### Records supplied

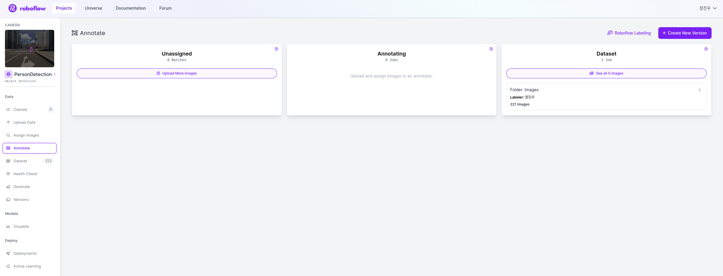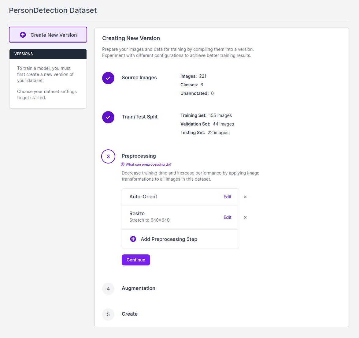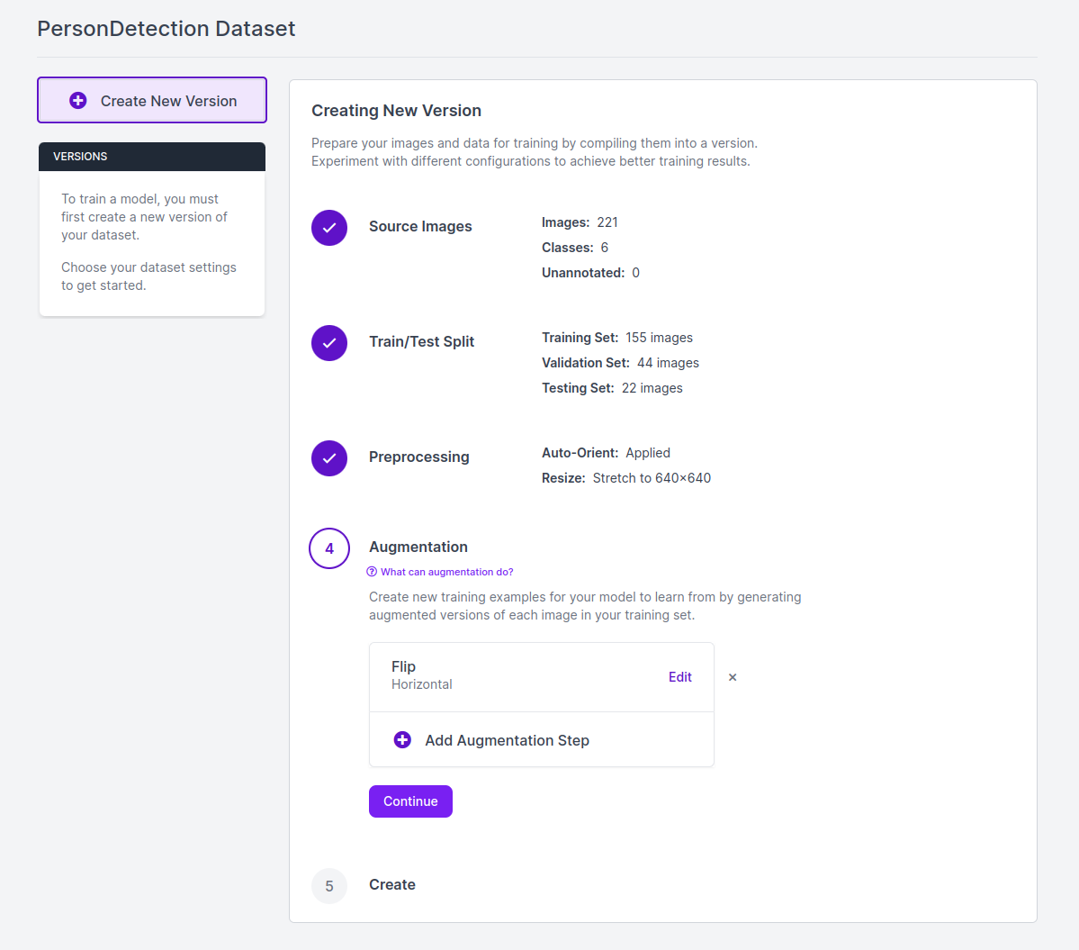 생성한 Custom Dataset을 기반으로 학습 Dataset 생성을 위해 우측 상단 Create New Version.
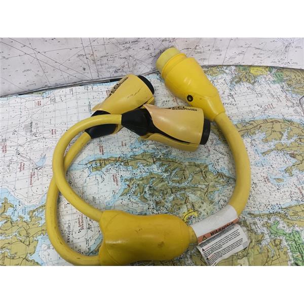 Boaters' Resale Shop of TX 2509 5541.05 MARINCO EEL Y ADAPTER MODEL Y503-2-30(50 Amp 125V Male to 30 Amp 125V Females) * SEE ALL 6 PHOTOS & DETAILS * SOLD IN CONDITION PICTURED * ITEM WAS PREOWNED, LIGHTLY USED(IF AT ALL), IS IN ORIGINAL PHYSICAL CONDITION AND PASSES CONTINUITY TEST & APPEARS TO BE OPERATING PROPERLY BUT HAS NOT BEEN TESTED FURTHER
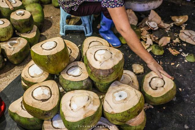 做椰子鸡,要先从砍椰子开始,店门外堆满了待砍的青椰子,师傅娴熟的手法,不一会功夫就将椰子砍开,饱满的汁水,飞溅出来。
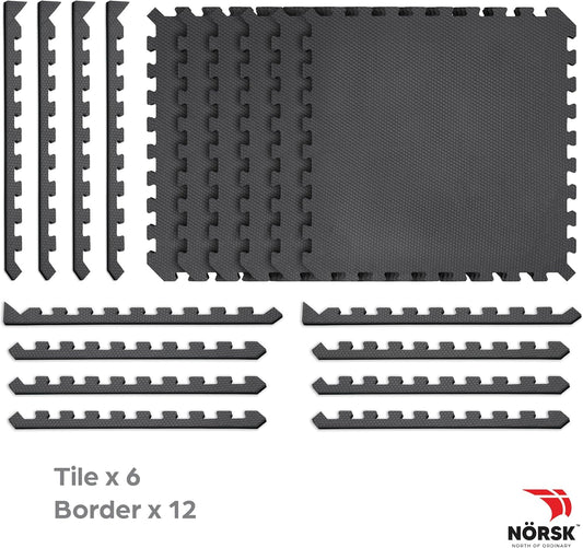 Norsk Dual-Sided Reversible 1/2" Foam Exercise Mats for Home Gym - Interlocking EVA Foam Tiles
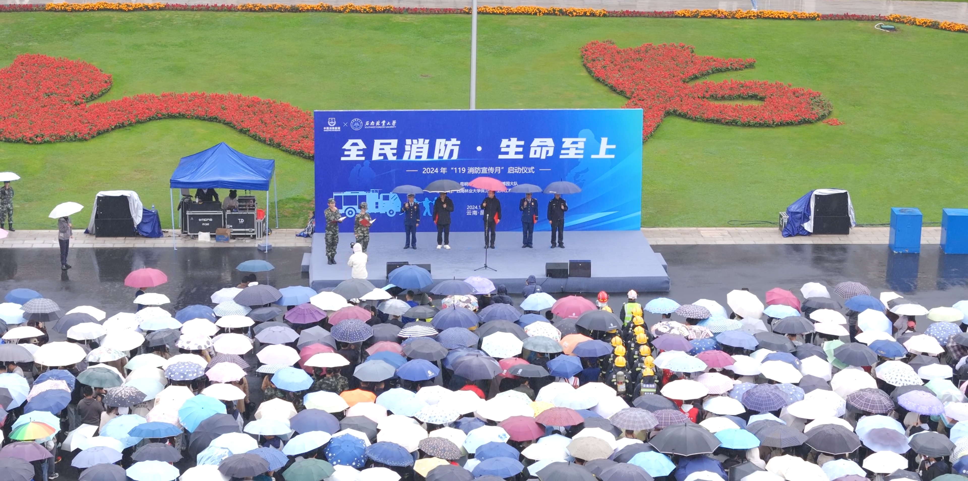 为进一步营造全民参与、防治火灾的消防宣传氛围,提高全校师生消防安全意识和自防自救能力。11月8日,由昆明市消防救援支队世博园大队主办,beats365官方网站保卫处和beats365官方网站承办的2024年“119消防宣传月”启动仪式在至真楼前广场隆重举行。
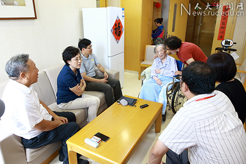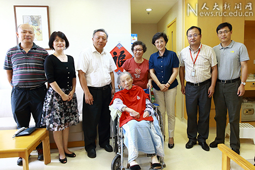 8月18日上午,中国人民大学党委书记靳诺、副校长吴晓球看望成仿吾老校长夫人、商学院百岁教授张琳。
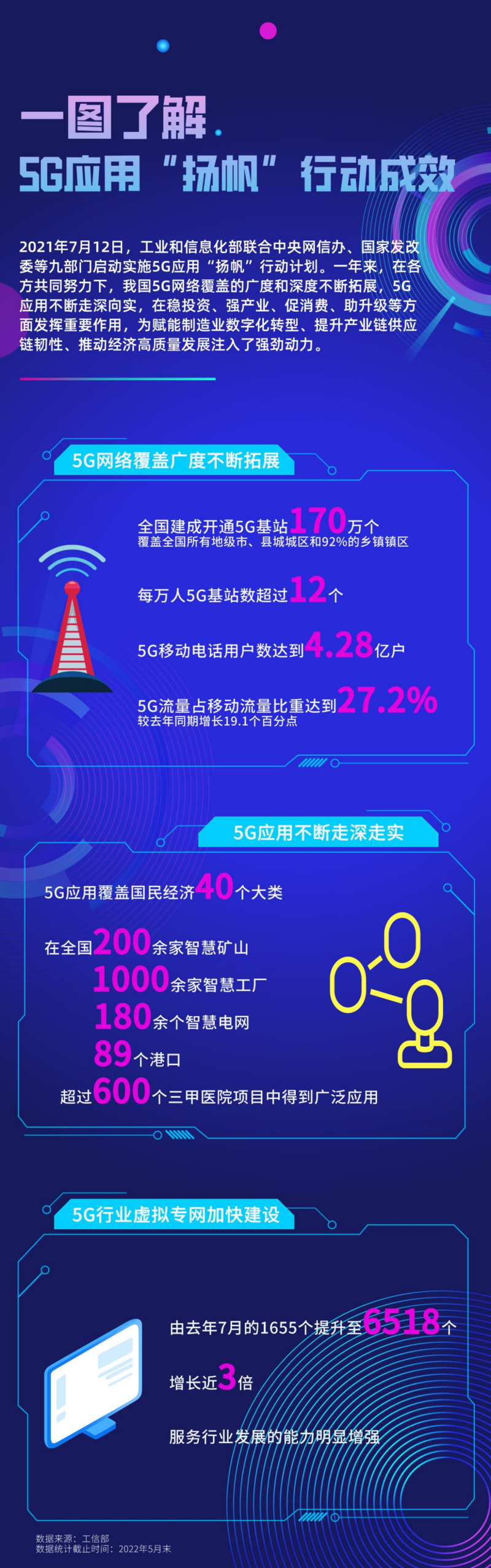 为深入贯彻落实习近平总书记关于加快5G等新型基础设施建设、积极丰富5G技术应用场景的重要指示精神,2021年7月12日,工业和信息化部联合中央网信办、国家发改委等九部门启动实施5G应用“扬帆”行动计划。一年来,在各方共同努力下,我国5G网络覆盖的广度和深度不断拓展,5G应用不断走深向实,在稳投资、强产业、促消费、助升级等方面发挥重要作用,为赋能制造业数字化转型、提升产业链供应链韧性、推动经济高质量发展注入了强劲动力。
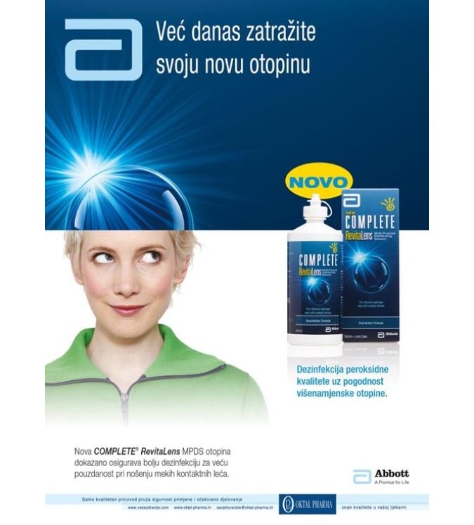 COMPLETE® RevitaLens je zaštita protiv širokog spektra potencijalno opasnih miokroorganizama i ima bolju podnošljivost, što rezultira smanjenom iritacijom i zamućenjem rožnice, pa nositeljima hidrogelnih leća daje osjećaj iznimne udobnosti.

### Exercise instructions
Please set down only the lines from the one containing "Boaters' Resale Shop" through the end of the entries, exactly as they stand, both ends included and with no pictures.

### Solution
 Boaters' Resale Shop of TX 2509 5541.05 MARINCO EEL Y ADAPTER MODEL Y503-2-30(50 Amp 125V Male to 30 Amp 125V Females) * SEE ALL 6 PHOTOS & DETAILS * SOLD IN CONDITION PICTURED * ITEM WAS PREOWNED, LIGHTLY USED(IF AT ALL), IS IN ORIGINAL PHYSICAL CONDITION AND PASSES CONTINUITY TEST & APPEARS TO BE OPERATING PROPERLY BUT HAS NOT BEEN TESTED FURTHER
 做椰子鸡,要先从砍椰子开始,店门外堆满了待砍的青椰子,师傅娴熟的手法,不一会功夫就将椰子砍开,饱满的汁水,飞溅出来。
 Norsk Dual-Sided Reversible 1/2" Foam Exercise Mats for Home Gym - Interlocking EVA Foam Tiles
 为进一步营造全民参与、防治火灾的消防宣传氛围,提高全校师生消防安全意识和自防自救能力。11月8日,由昆明市消防救援支队世博园大队主办,beats365官方网站保卫处和beats365官方网站承办的2024年“119消防宣传月”启动仪式在至真楼前广场隆重举行。
 8月18日上午,中国人民大学党委书记靳诺、副校长吴晓球看望成仿吾老校长夫人、商学院百岁教授张琳。
 为深入贯彻落实习近平总书记关于加快5G等新型基础设施建设、积极丰富5G技术应用场景的重要指示精神,2021年7月12日,工业和信息化部联合中央网信办、国家发改委等九部门启动实施5G应用“扬帆”行动计划。一年来,在各方共同努力下,我国5G网络覆盖的广度和深度不断拓展,5G应用不断走深向实,在稳投资、强产业、促消费、助升级等方面发挥重要作用,为赋能制造业数字化转型、提升产业链供应链韧性、推动经济高质量发展注入了强劲动力。
 COMPLETE® RevitaLens je zaštita protiv širokog spektra potencijalno opasnih miokroorganizama i ima bolju podnošljivost, što rezultira smanjenom iritacijom i zamućenjem rožnice, pa nositeljima hidrogelnih leća daje osjećaj iznimne udobnosti.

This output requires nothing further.